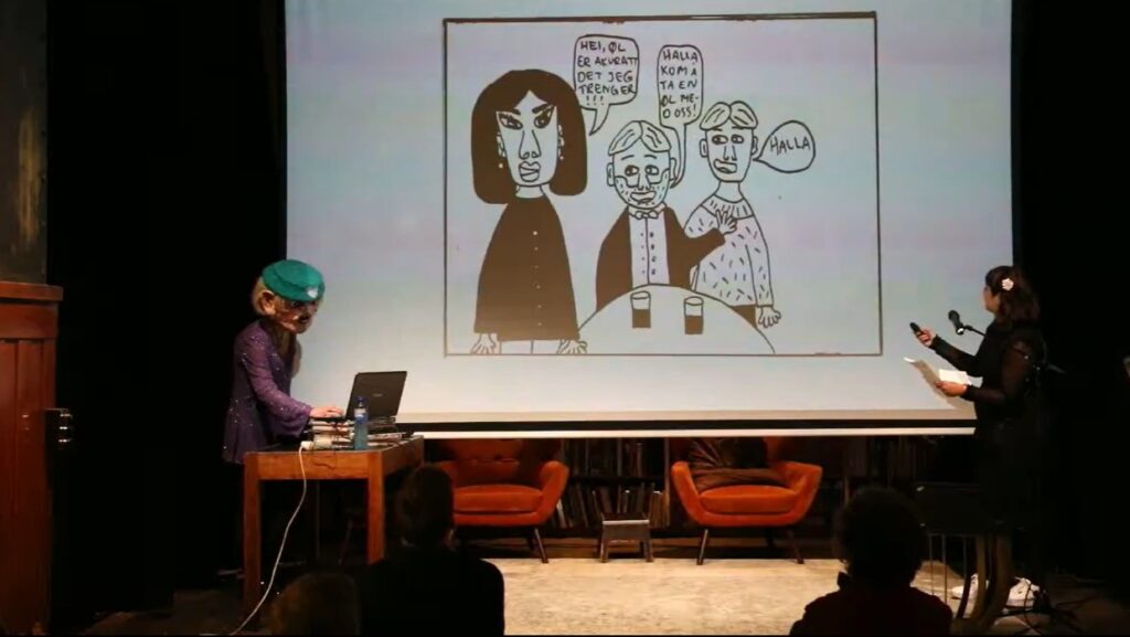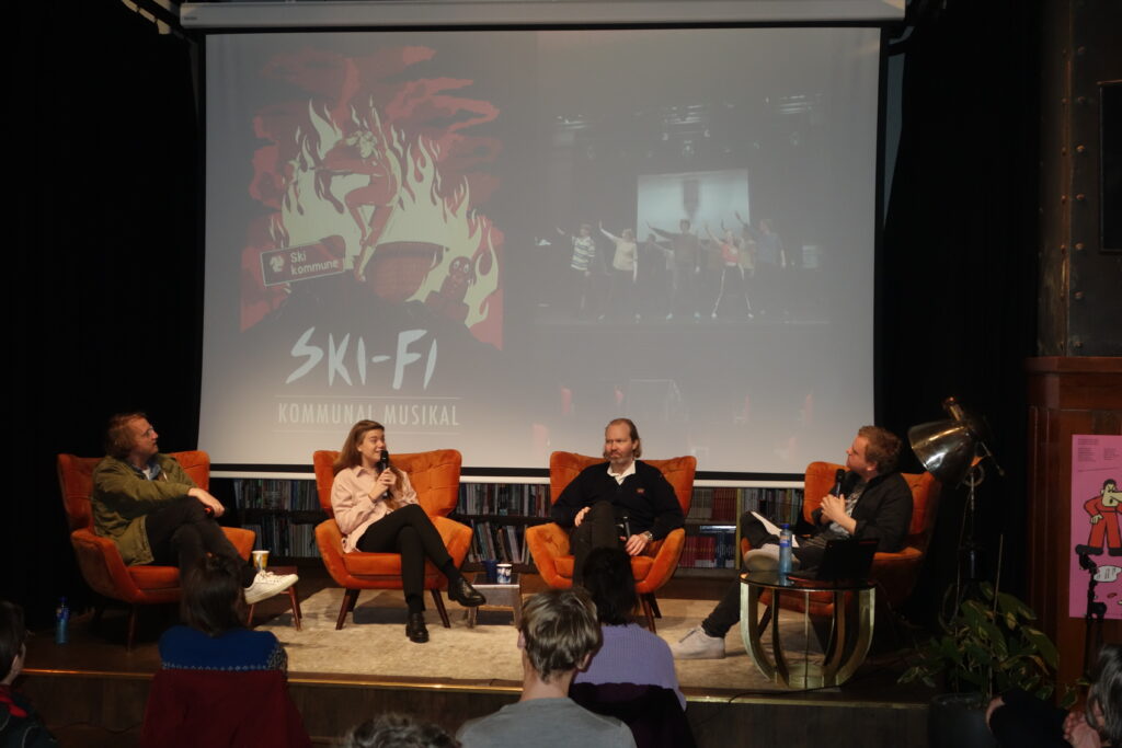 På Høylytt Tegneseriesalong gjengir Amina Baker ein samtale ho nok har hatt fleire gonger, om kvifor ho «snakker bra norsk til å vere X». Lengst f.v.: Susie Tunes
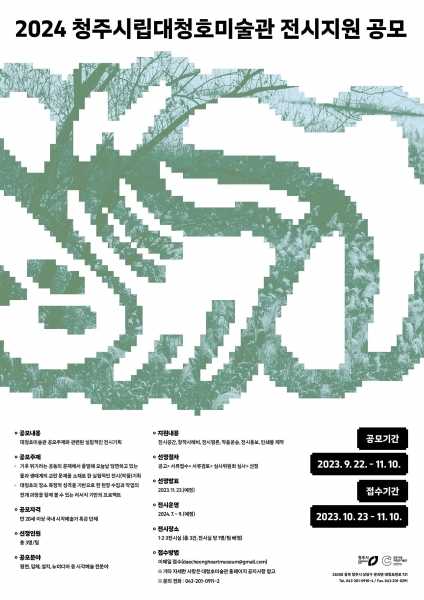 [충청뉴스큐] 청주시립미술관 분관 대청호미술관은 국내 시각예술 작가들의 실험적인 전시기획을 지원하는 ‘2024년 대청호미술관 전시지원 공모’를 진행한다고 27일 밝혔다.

※ ※ ※

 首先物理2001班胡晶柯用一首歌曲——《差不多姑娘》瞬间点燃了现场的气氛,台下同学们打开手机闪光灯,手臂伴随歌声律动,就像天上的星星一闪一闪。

※ ※ ※

In the material above, one part opens with the line containing "På Høylytt Tegneseriesalong" and closes with the line containing "[충청뉴스큐] 청주시립미술관 분관". Write out that part exactly and skip its pictures.

 På Høylytt Tegneseriesalong gjengir Amina Baker ein samtale ho nok har hatt fleire gonger, om kvifor ho «snakker bra norsk til å vere X». Lengst f.v.: Susie Tunes
 [충청뉴스큐] 청주시립미술관 분관 대청호미술관은 국내 시각예술 작가들의 실험적인 전시기획을 지원하는 ‘2024년 대청호미술관 전시지원 공모’를 진행한다고 27일 밝혔다.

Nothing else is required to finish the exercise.